China’s trust assets surged 46 percent last year to a record 10.9 trillion yuan (R20 trillion), underscoring investor interest in products that pay more than bank deposits even as default risks mount.

About 20 billion yuan of trust products had repayment difficulties in 2012, accounting for 0.27 percent of the industry’s assets at that time, the China Trustee Association said yesterday. Asset quality was “quite sound and systemic risks are impossible” with 9.06 billion yuan of reserves set aside, the association said.

China averted its first trust default in at least a decade last month as the investors in a 3 billion-yuan high-yield product issued by China Credit Trust were bailed out days before it matured.

About 5.3 trillion yuan of trust products would be due this year, up from 3.5 trillion yuan last year, Haitong Securities estimated last month, warning that firms could no longer shoulder all the risks tied to offering implicit guarantees.

“The rapid expansion of trust assets over the past few years is unlikely to be sustained because the government is stepping up oversight of the sector,” Wei Tao, a Beijing-based analyst at China Securities, said.

“Systemic risk is manageable because the economic situation will remain under control and regulators won’t let the situation get out of hand.”

With the help of guarantees on investments, trusts have overtaken insurance to become China’s biggest financial segment after banks.

Their assets under management have surged more than fourfold from the beginning of 2010 even as policymakers sought to curb money flows outside the formal banking system.

About 48 percent of the trust products were sold to provide finance for borrowers, according to yesterday’s statement.
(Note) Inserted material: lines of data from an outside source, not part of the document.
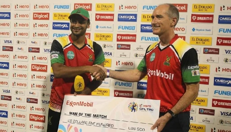 ক্যারিবিয়ান প্রিমিয়ার লিগে (সিপিএল) নিজের খেলা প্রথম দুই ম্যাচে গোল্ডেন ডাক মারলেও দুরন্ত পারফরম্যান্সে পরের দুই ম্যাচেই ম্যাচসেরার পুরস্কার জিতলেন সাকিব আল হাসান। তার অসাধারণ পারফরম্যান্সে বার্বাডোজ রয়্যালসকে পাঁচ উইকেটে হারিয়েছে গায়ানা অ্যামাজন ওয়ারিয়র্স।
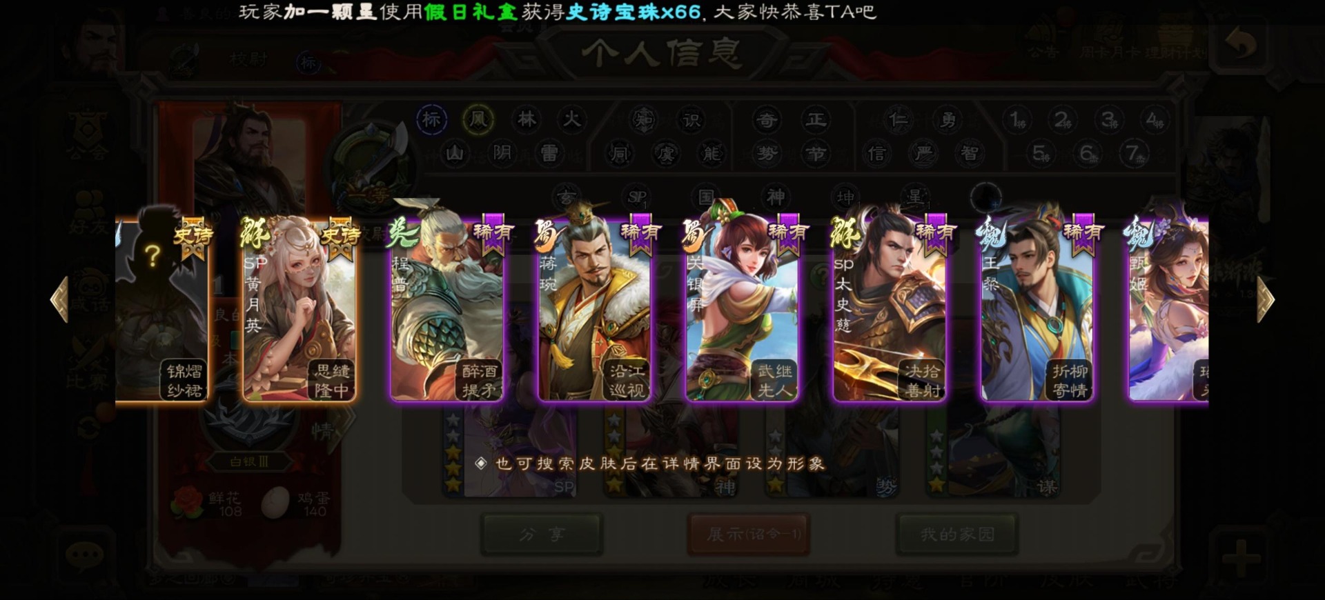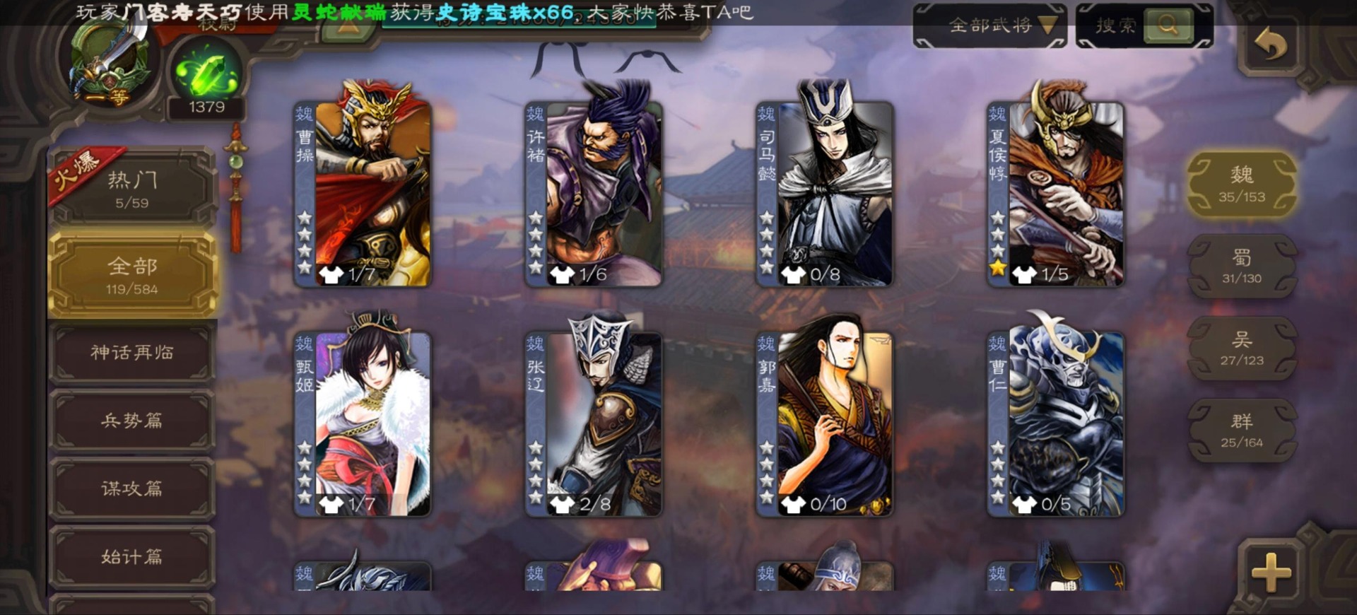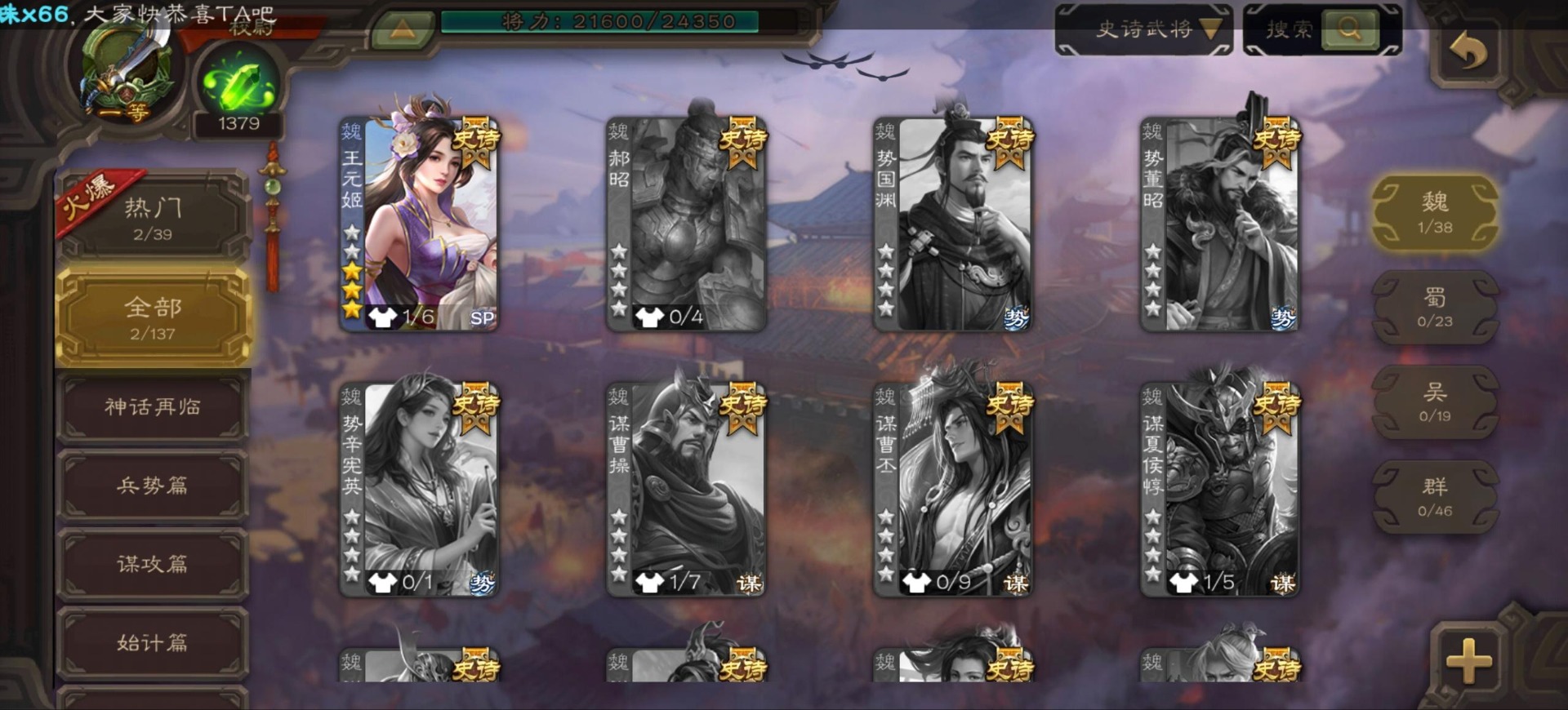 [16518206]vip1 校尉 119武将 2动态皮肤 2史诗武将 【神将】神孙策 【魏国武将】王元姬甄姬司马懿许褚夏侯惇郭嘉曹仁曹操张辽 【蜀国武将】卧龙诸葛
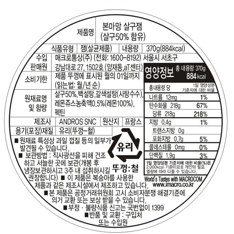 본마망 살구잼(370g/EA)
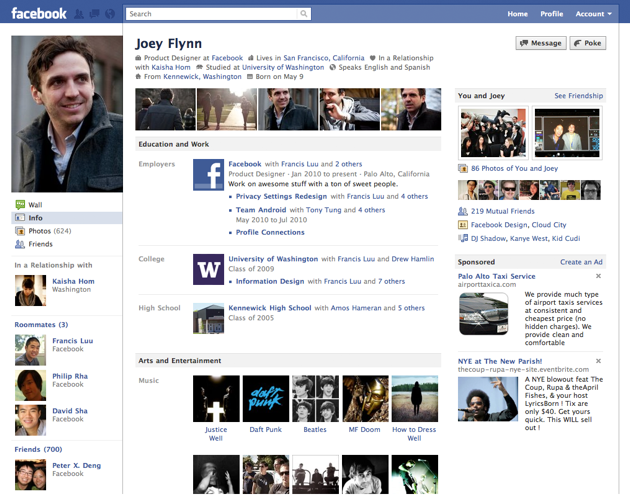 There are two big themes to the revamped design: a bigger emphasis on keeping things visually interesting, and streamlining the design to make it easier to find information people actually care about. Facebook Product Manager Peter Deng explains that on the old profiles, some of the most popular features and information has been a pain to find — the ‘View more photos’ link, for example, is immensely popular, but it’s been nestled between far less important links for years.
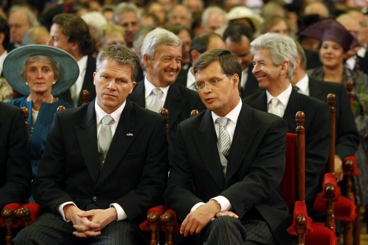 De leden van het kabinet, met op de eerste rij Minister Bos van Financiën (l.)en premier Balkenende, luisteren naar de Troonrede.
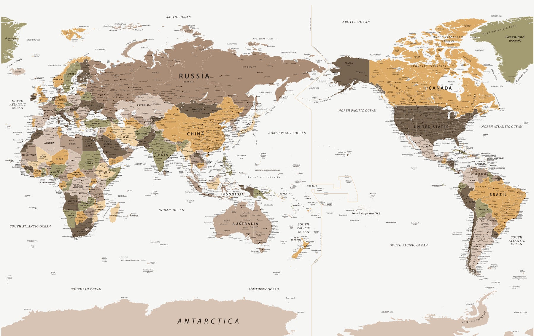 Embark on a visual journey with this stunning Pacific-centered world map wallpaper. Rich earth tones highlight continents in a captivating vintage style, drawing your eye to the vast expanse of the Pacific Ocean. Detailed country borders and city markers invite exploration, fostering a sense of wanderlust and global adventure. This meticulously crafted map offers a unique perspective, perfect for travel enthusiasts and anyone who appreciates beautiful, informative design. The calming color palette creates a serene atmosphere, making it an ideal addition to any workspace or home office.

A quarter of the assets went to the infrastructure sector at the end of last year, an increase of 1.6 percentage points from the beginning of the year, while 10 percent were for real estate.

“The lack of defaults over the past five years has further exacerbated China’s debt and capital allocation problems,” Mike Werner, a Hong Kong-based analyst at Sanford C Bernstein, said. “Credit continued to be channelled to unproductive and risky entities.”

Since 2012, more than 20 trust products totalling 23.8 billion yuan have run into payment issues, according to UBS. About half of these cases were still in legal process, UBS’s Hong Kong-based economist Wang Tao said last month.

Investors in the China Credit Trust product recouped their principal after selling their rights to unidentified buyers days before the maturity at the end of last month.

China Credit Trust sold the investment in February 2011 with an indicated annual return of 9.5 percent to 11 percent for different tranches, documents show.